Baio is a thinker, a hacker of big social patterns and an admirer of the collective intelligence that emerges from groups of people acting independently on the web. We sat down with him this week and discussed some of his ideas about what makes good social software grow.

In addition to Upcoming, Baio is also well known for his quirky, smart writing and link sharing at Waxy.org. His best known works there include tracking piracy data for Oscar nominated films for the past six years, the first published interview with an Italian factory worker who mysteriously produced the most-viewed video of all 2008 on YouTube and a number of fascinating experiments with Amazon’s Mechanical Turk system, including one titled The Faces of Mechanical Turk – he payed Turk workers a small sum to post their pictures with a sign saying why they participated.

After years of experience, observation and thought, here are a few pearls of wisdom Andy offered us about how to build compelling social software. You can also follow Baio on Twitter @waxpancake.

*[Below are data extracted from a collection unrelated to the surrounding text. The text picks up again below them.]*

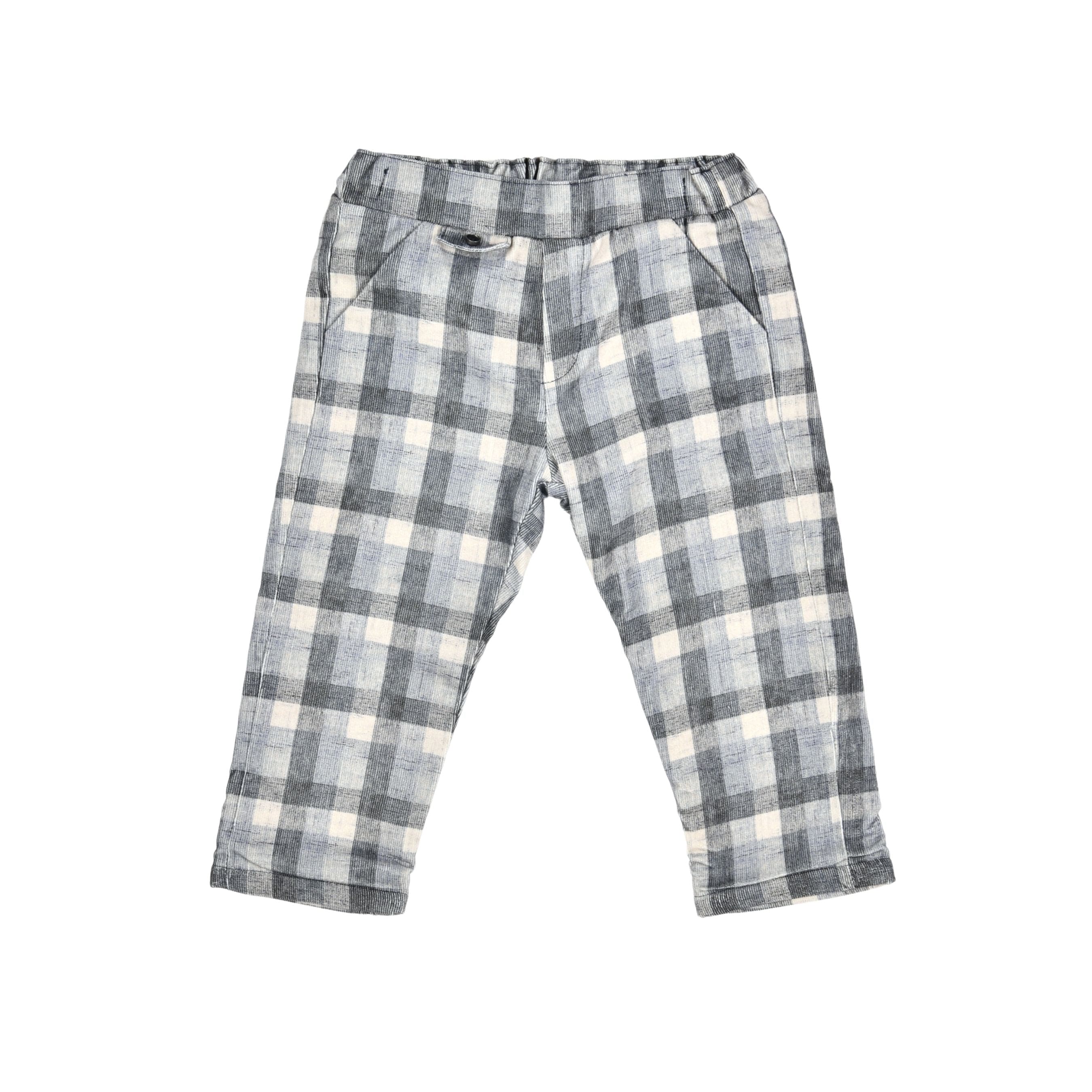 CHARLY | Boys Blue & Ivory Check Velour Trousers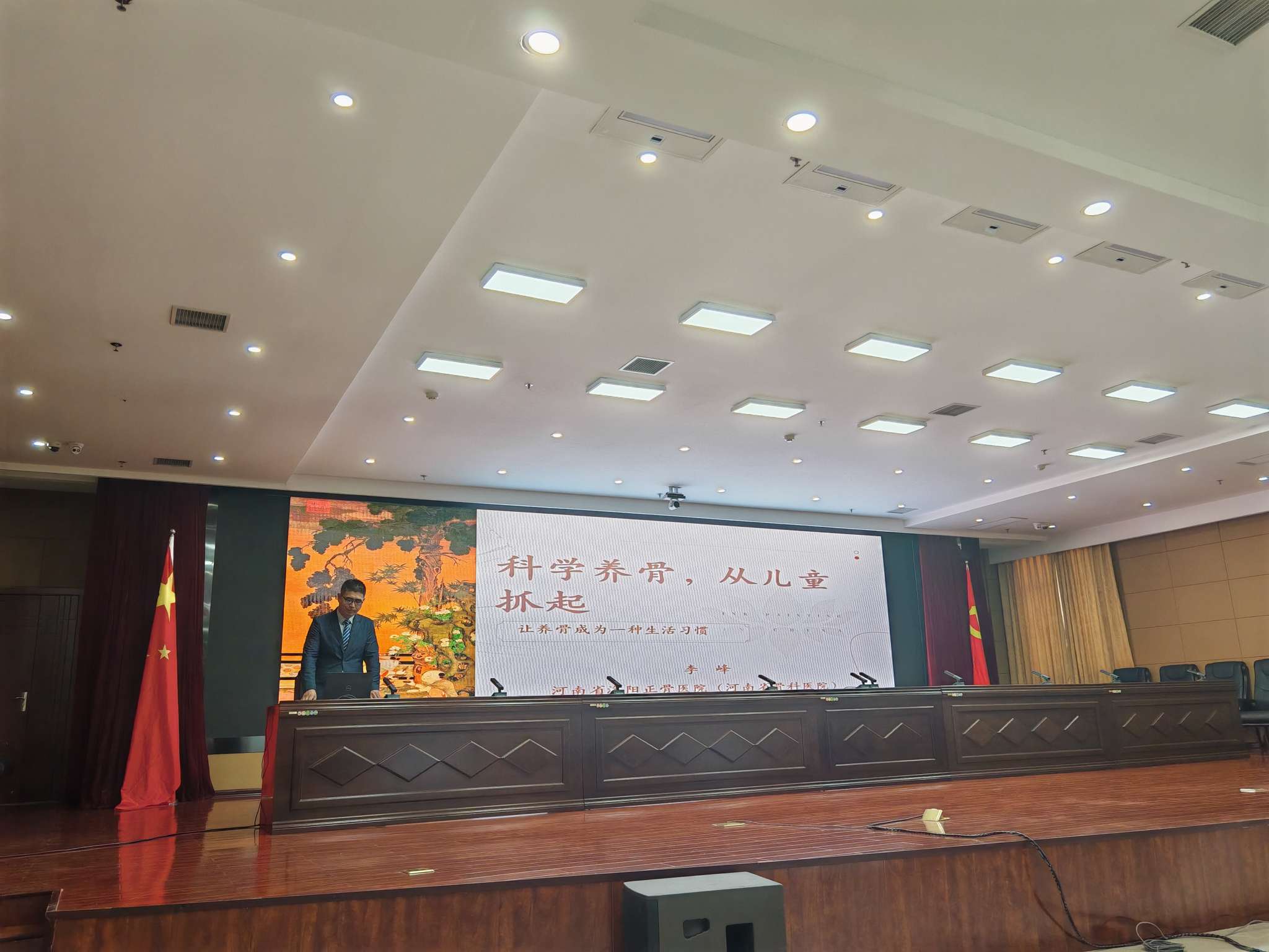 我院受邀在河南省卫健委妇幼健康沙龙活动中进行平乐郭氏正骨养骨法现场推广和传播。活动中,我院骨关节病一科主诊医师李峰博士以《科学养骨,从儿童抓起》为主题,为大家讲解骨骼养护从娃娃抓起的重要性,结合儿童生长发育特点,从中医角度教大家如何顺应四时、合理膳食、起居有常、科学运动等养骨法,并进行养骨操现场示教和互动学习。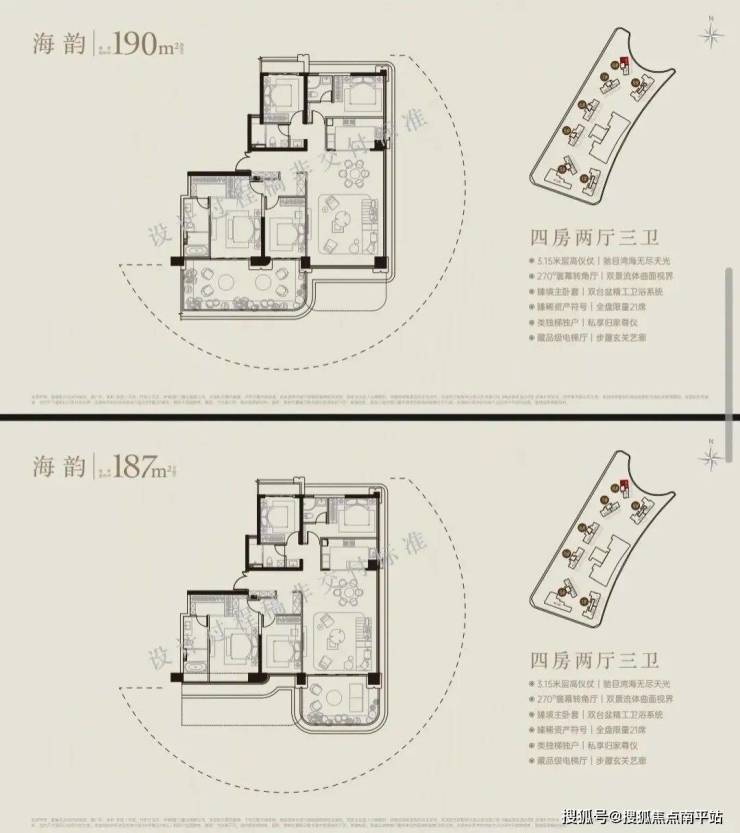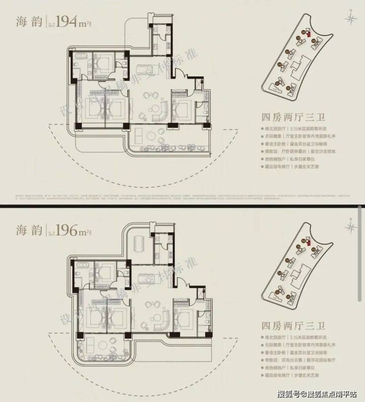 该户型还拥有3.3米满级层高,收获更多的采光、更高的视野面、更清爽的通风。尊贵入户礼序从独立电梯厅中走出,推开家门,是尊崇的归家动线:奢石装点的玄关、环抱式的双侧衣帽鞋区。海景待客餐厅餐厅直面海景,在宴会级大圆桌上与海景共餐;岛台和酒品藏柜,在家中就能拥有海景吧台。奢华主卧可改全套卧,可将南次卧与旁边的衣帽间打通,解锁全套卧体验。此外,该户型还配备了三梯两户,双入户,独立保姆房,顶级豪宅才能拥有的奢阔配置,归家梯与服务梯分离,私密性拉满的同时,电梯效率也达到极致。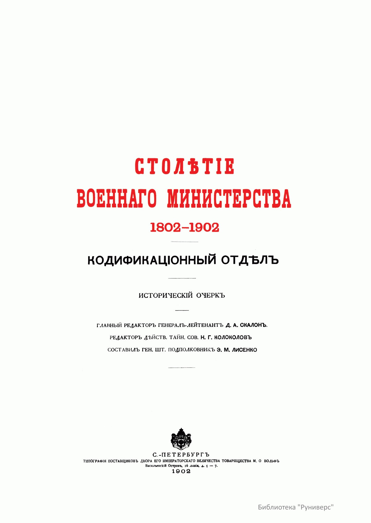 Столетие военного министерства. 1802-1902. Кодификационный отдел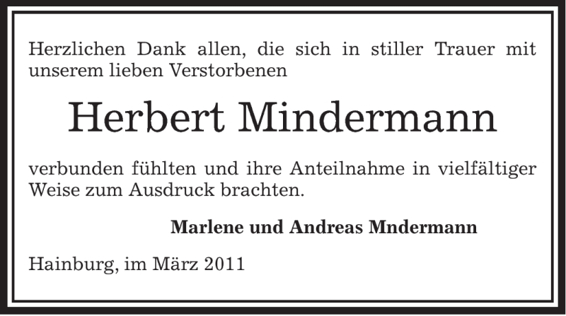 Hier finden Sie alle Traueranzeigen aus der Zeitung, die bisher für Herbert Mindermann erschienen sind. Weitere Traueranzeigen, die in der Zeitung erscheinen, werden hier ebenfalls aufgelistet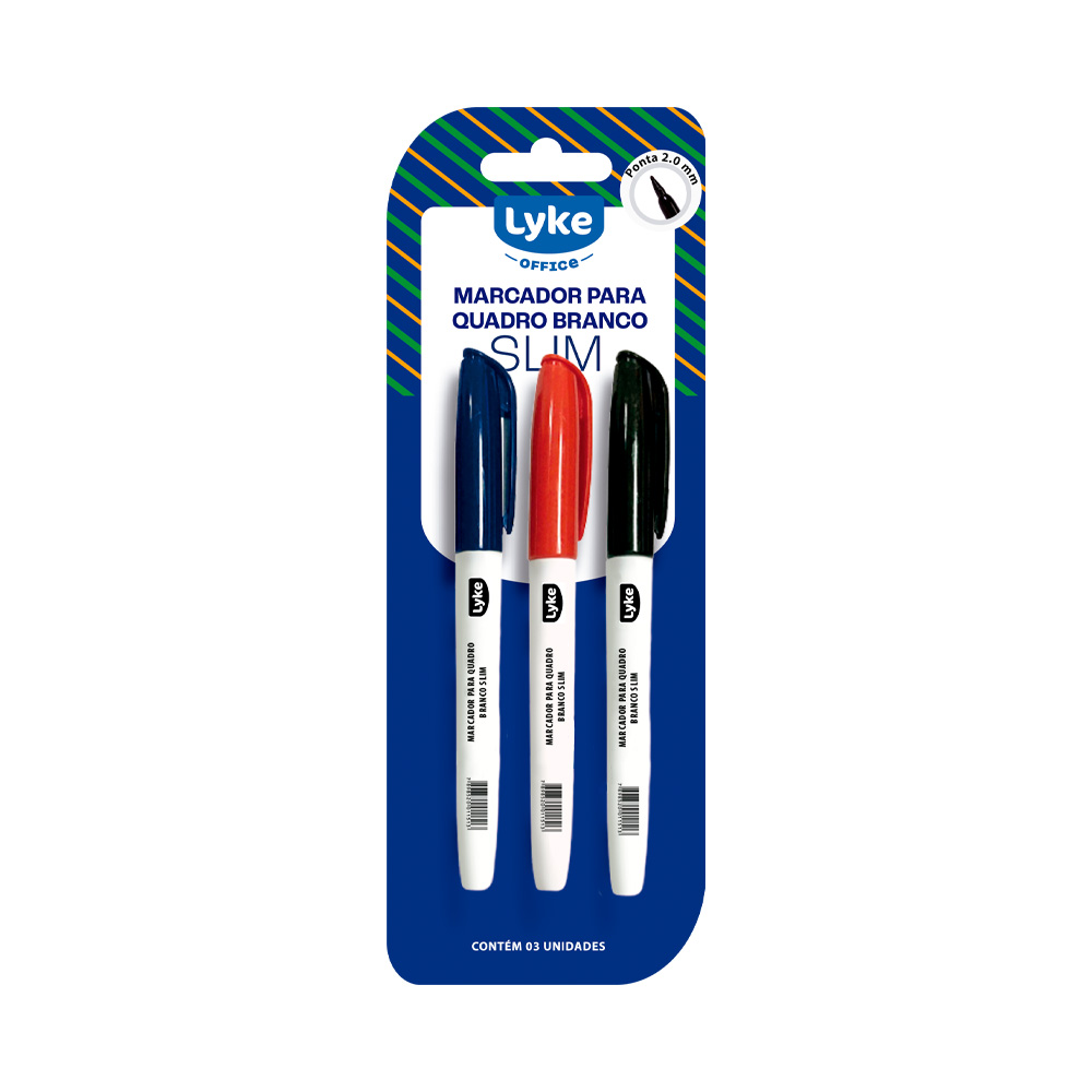 Marcador para Quadro Branco Slim, com 3 cores, possui sua ponta redonda que proporciona melhores traços e visibilidade quando utilizado em grandes espaços. É ideal para uso didático e apresentações.

Build to Existing Social Connections

The company Baio has joined is called Kickstarter. It’s a service that lets people fund small projects by collecting “all or nothing” pledges from people around web – if a project’s financial goal is met by its deadline then the money is collected, but if the goal isn’t met then no one’s contribution is withdrawn. The site will open to the public at the end of August, but one principle that he’s had underlined by his experience with beta testers and from his time at Upcoming is this: you can’t just post a request for funds or an events listing up on the web and expect strangers to stumble upon it and give it support. In both cases, these sites provided infrastructure that allowed users to reach out through their own established networks and say “here’s where we’re processing your show of support.”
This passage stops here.